Exercise data:
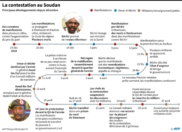 Après la destitution le 11 avril du président Omar el-Béchir par l'armée sous la pression d'un mouvement de contestation inédit lancé en décembre, un Conseil militaire de transition a pris le pouvoir pour deux ans.
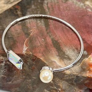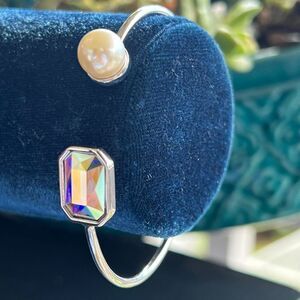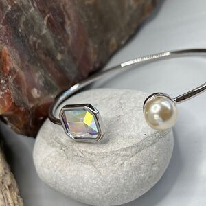 Prism Open Cuff Pearl Crystal 925 Silver Bracelet
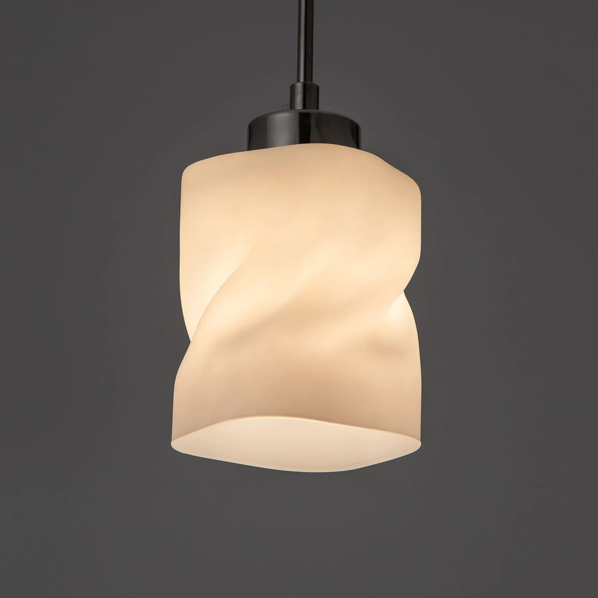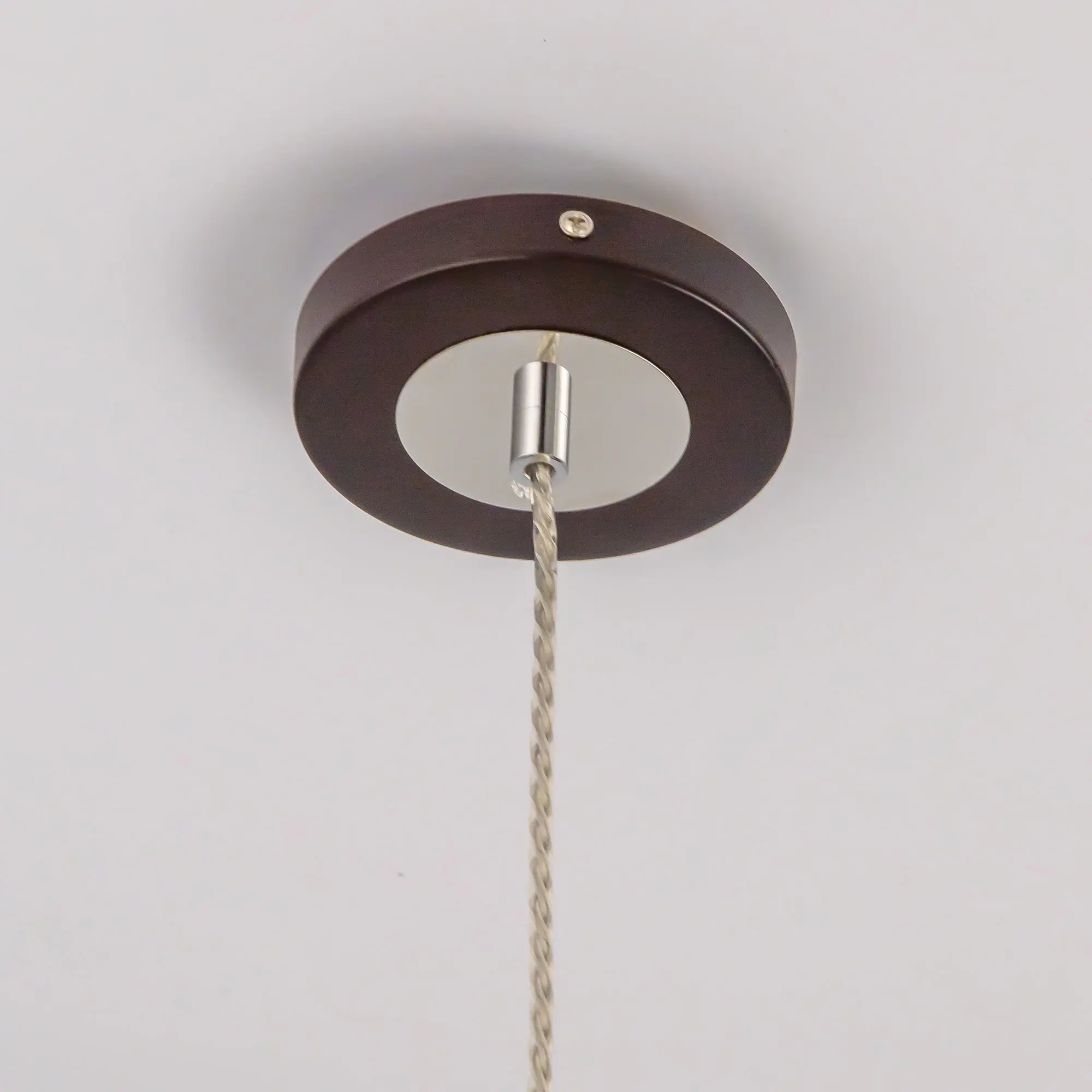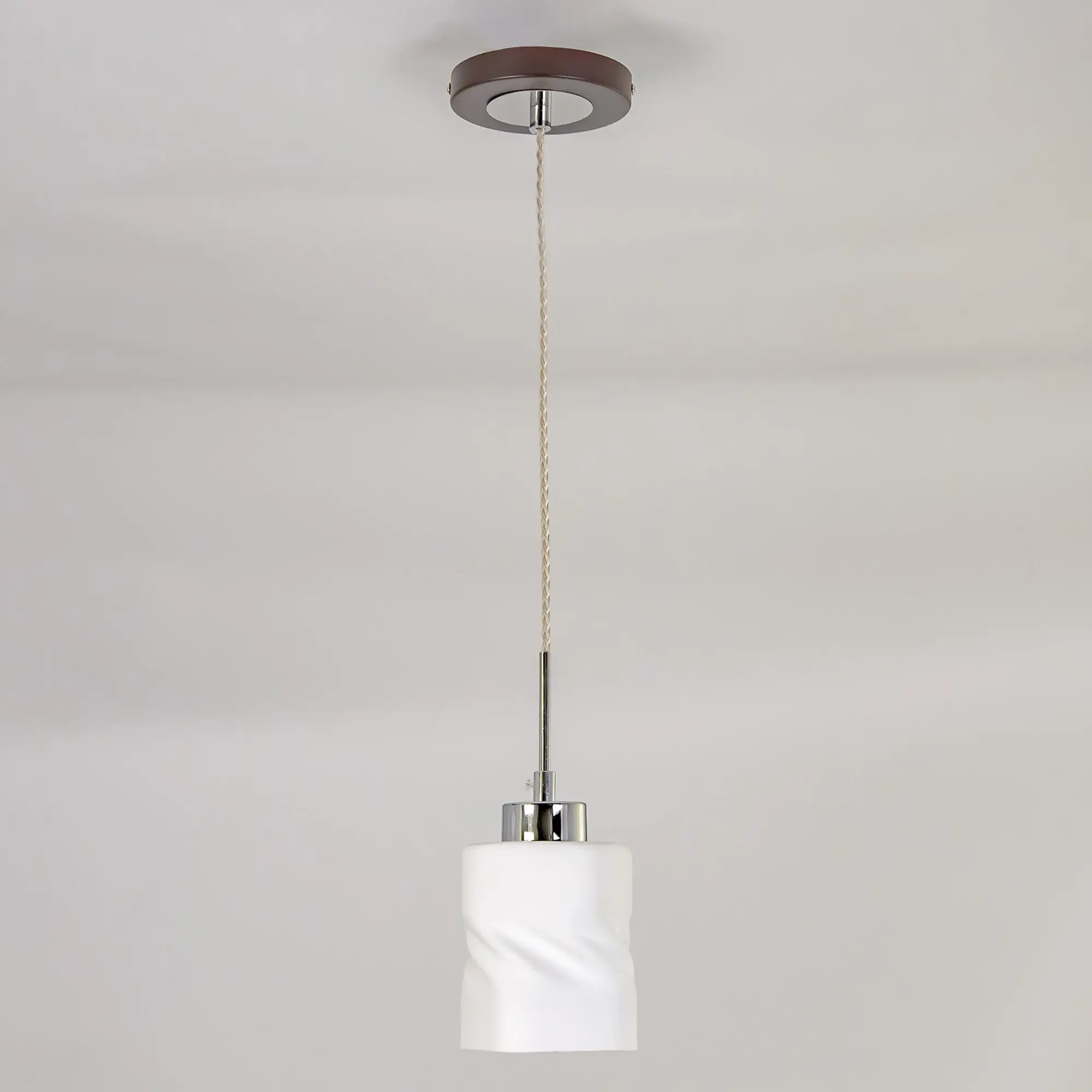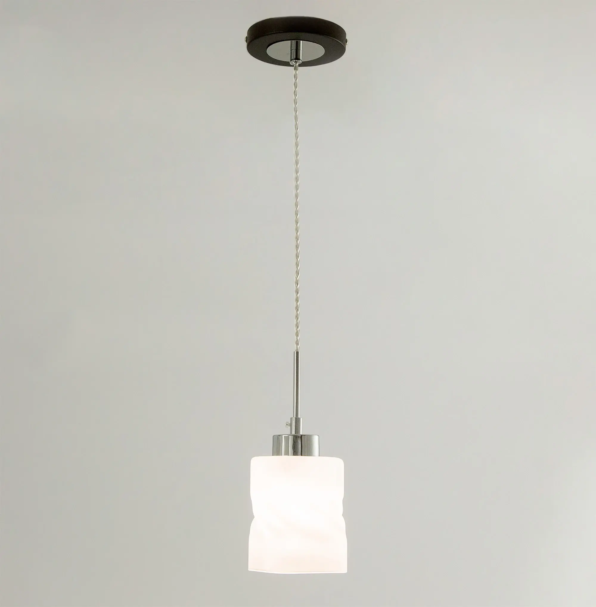 Подвес из обновлённой серии «Берта» будет хорошо смотреться на потолке небольшого помещения, оформленного как в современном, так и классическом стиле. Основная суть обновления заключается в редизайне плафонов, которые теперь гораздо более качественные, лучше пропускают свет, чем в светильниках предыдущего поколения, а также гораздо интересней смотрятся с дизайнерской точки зрения. Такой светильник с прямоугольным, слегка закрученным в центральной части плафоном осветит помещение площадью до 4 квадратных метров. За счёт такой яркости модель можно использовать в качестве самостоятельно светильника в помещениях небольшого размера. Особенно хорошо смотрятся, если применять в количествах. Идеально подойдет для локальной подсветки рабочей зоны или, к примеру, кухонного стола. Конструкция продумана таким образом, что есть возможность регулировать высоту монтажа от 45 до 105 сантиметров. Допускается применение любого типа ламп с цоколем E27 и потребляемой мощностью не более 75 ватт. При производстве светильника использовались такие материалы, как матовое стекло и металл. Основным цветом является венге (тёмно-коричневый) и хром.
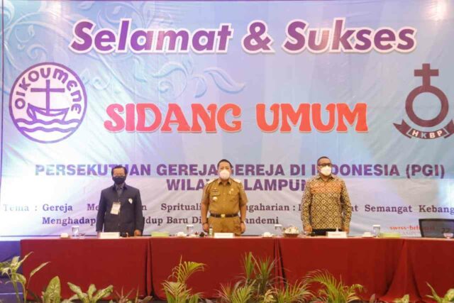 Onlinekoe.com, Bandar Lampung — Gubernur Arinal Djunaidi membuka Sidang Umum VI Persekutuan Gereja-Gereja Di Indonesia (PGI) Wilayah Lampung dengan tema “Gereja Meneguhkan Spritualitas Keugahariaan: Memperkuat Semangat Kebangsaan, Menghadapi Pola Hidup Baru di Tengah Pandemi” di Swisbell Hotel, Selasa (22/06).

Task requirements: Return the opening line of the data above and every line after it up to and including the line that holds "Подвес из обновлённой"; pictures stay out.

Answer to this exercise:
 Après la destitution le 11 avril du président Omar el-Béchir par l'armée sous la pression d'un mouvement de contestation inédit lancé en décembre, un Conseil militaire de transition a pris le pouvoir pour deux ans.
 Prism Open Cuff Pearl Crystal 925 Silver Bracelet
 Подвес из обновлённой серии «Берта» будет хорошо смотреться на потолке небольшого помещения, оформленного как в современном, так и классическом стиле. Основная суть обновления заключается в редизайне плафонов, которые теперь гораздо более качественные, лучше пропускают свет, чем в светильниках предыдущего поколения, а также гораздо интересней смотрятся с дизайнерской точки зрения. Такой светильник с прямоугольным, слегка закрученным в центральной части плафоном осветит помещение площадью до 4 квадратных метров. За счёт такой яркости модель можно использовать в качестве самостоятельно светильника в помещениях небольшого размера. Особенно хорошо смотрятся, если применять в количествах. Идеально подойдет для локальной подсветки рабочей зоны или, к примеру, кухонного стола. Конструкция продумана таким образом, что есть возможность регулировать высоту монтажа от 45 до 105 сантиметров. Допускается применение любого типа ламп с цоколем E27 и потребляемой мощностью не более 75 ватт. При производстве светильника использовались такие материалы, как матовое стекло и металл. Основным цветом является венге (тёмно-коричневый) и хром.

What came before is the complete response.